WP7 studied the cause of microvascular dysfunction in the heart. We initially hypothesized that a protein called Pitx2 was involved in microvascular rarefaction (the process by which vessel density is lost). Knocking out Pitx2 did induce rarefaction but this alone did not cause HFpEF. We therefore investigated other aspects of microvascular dysfunction in the heart of the ZSF1 obese rats. We found a loss of pericytes, a cell type that surrounds capillary blood vessel, was important and investigated the mechanism by which pericytes contribute to HFpEF.

Concerning the management and dissemination activities of the project, a communication and dissemination strategy was put in place. Our partner Crowdhelix created a Vascular Helix on their platform to enhance communication across the vascular fields on result dissemination but also to increase collaborations on upcoming projects. The virtual collaboration community has 544 experts from 191 organizations across 42 countries at the end of the project. We published 33 scientific articles. We presented at an array of different conferences. We attended a patient conference to speak directly to patients with heart failure. We produced a written article for the patients as well. We identified and developed several Key Exploitable Results from our research that can be further exploited by the partners and by the wider research community in the future. We engaged the EU Horizon Results Booster, to support our team in identifying potential exploitation and commercial pathways, including an assessment of Patent protection for key innovations.

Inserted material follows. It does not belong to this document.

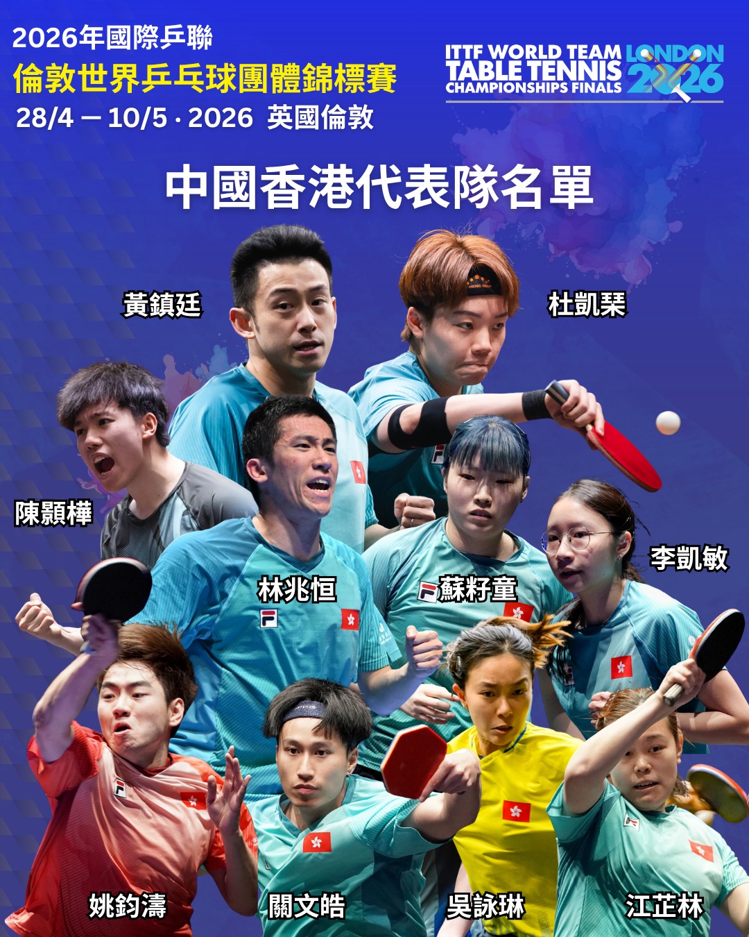 關鍵詞:倫敦世乒賽黃鎮廷杜凱琹王楚欽孫穎莎

Our results establish which MRI techniques and other techniques reliably assess perfusion, especially microvascular perfusion and dysfunction, in the heart and brain and which of these are disrupted in VCI and/or HFpEF patients. This will affect the interpretation of these MRI scans by health care professionals. Many of these techniques are not currently used in a quantitative way in routine clinical care. Our quantitative results also show the usefulness of certain measures that we tested and therefore could therefore in the future for introducing them as a part of normal clinical care.

Our investigation of novel technologies for microvascular health that are cheaper than MRI also showed that these hold the potential to be used for screening. Specifically, our results allow us to better understand how Glycocheck measurements correlate to the direct perfusion measurements by MRI of the heart and brain. We identified circulating biomarkers that we continue to investigate further. These could eventually create blood test for early and reliable assessment of either HFpEF, VCI or both. These diseases are currently very hard to diagnose and therefore an easy blood screen would identify patients and get them into the proper care earlier.

Lastly our studies using a preclinical model have provided new insights into the mechanisms involved in the development of HFpEF and VCI. This new fundamental knowledge is the first step towards the development of novel HFpEF and VCI therapeutics.